TASK BRIEF: Pictures aside, the data must be reproduced exactly.

SOURCE RECORDS:
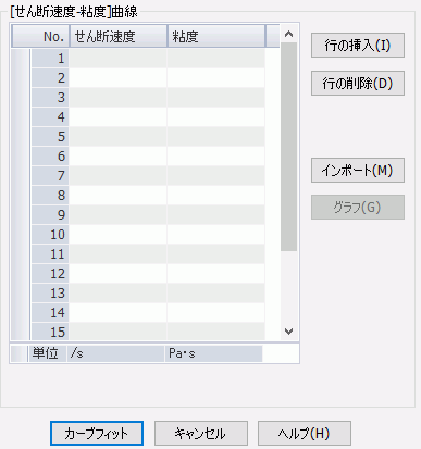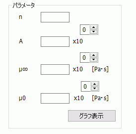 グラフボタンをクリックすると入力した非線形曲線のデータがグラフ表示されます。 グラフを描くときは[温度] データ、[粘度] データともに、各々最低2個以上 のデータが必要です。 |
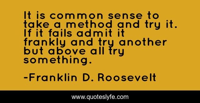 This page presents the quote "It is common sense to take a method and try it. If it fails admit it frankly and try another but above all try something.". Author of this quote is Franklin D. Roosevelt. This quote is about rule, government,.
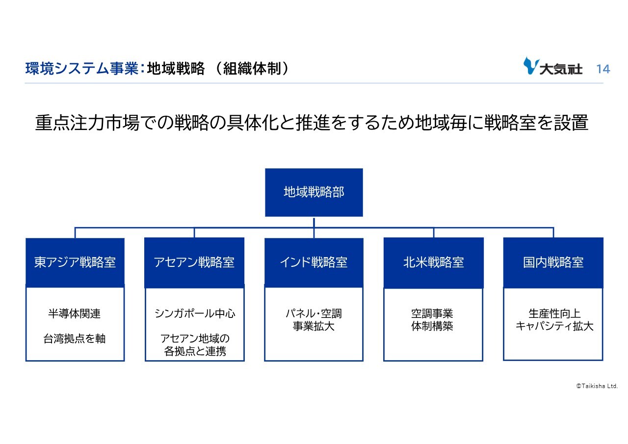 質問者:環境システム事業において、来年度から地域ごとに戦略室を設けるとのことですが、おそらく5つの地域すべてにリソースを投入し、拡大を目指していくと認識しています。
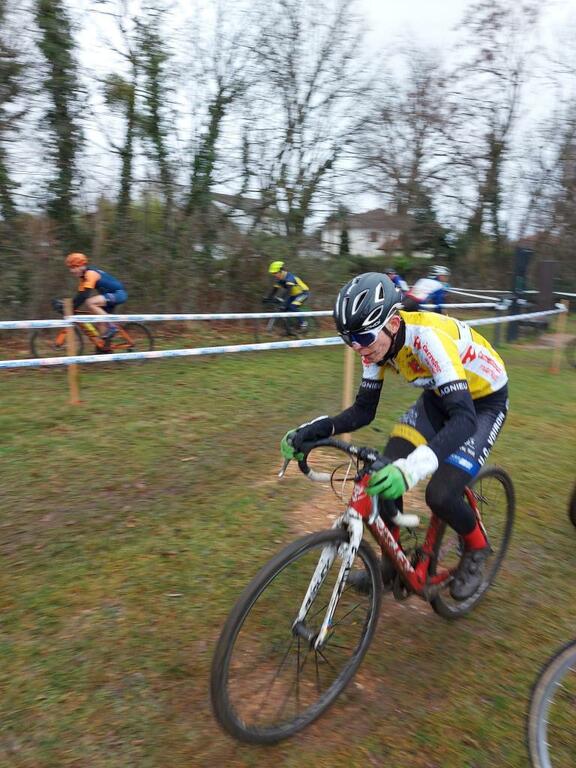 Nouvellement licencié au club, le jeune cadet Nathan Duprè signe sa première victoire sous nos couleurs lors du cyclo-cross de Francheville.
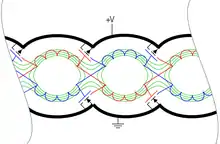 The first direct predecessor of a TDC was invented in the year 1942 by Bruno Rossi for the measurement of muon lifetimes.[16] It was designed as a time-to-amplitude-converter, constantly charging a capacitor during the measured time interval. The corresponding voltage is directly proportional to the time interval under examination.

SOLUTION:
 グラフボタンをクリックすると入力した非線形曲線のデータがグラフ表示されます。 グラフを描くときは[温度] データ、[粘度] データともに、各々最低2個以上 のデータが必要です。 |
 This page presents the quote "It is common sense to take a method and try it. If it fails admit it frankly and try another but above all try something.". Author of this quote is Franklin D. Roosevelt. This quote is about rule, government,.
 質問者:環境システム事業において、来年度から地域ごとに戦略室を設けるとのことですが、おそらく5つの地域すべてにリソースを投入し、拡大を目指していくと認識しています。
 Nouvellement licencié au club, le jeune cadet Nathan Duprè signe sa première victoire sous nos couleurs lors du cyclo-cross de Francheville.
 The first direct predecessor of a TDC was invented in the year 1942 by Bruno Rossi for the measurement of muon lifetimes.[16] It was designed as a time-to-amplitude-converter, constantly charging a capacitor during the measured time interval. The corresponding voltage is directly proportional to the time interval under examination.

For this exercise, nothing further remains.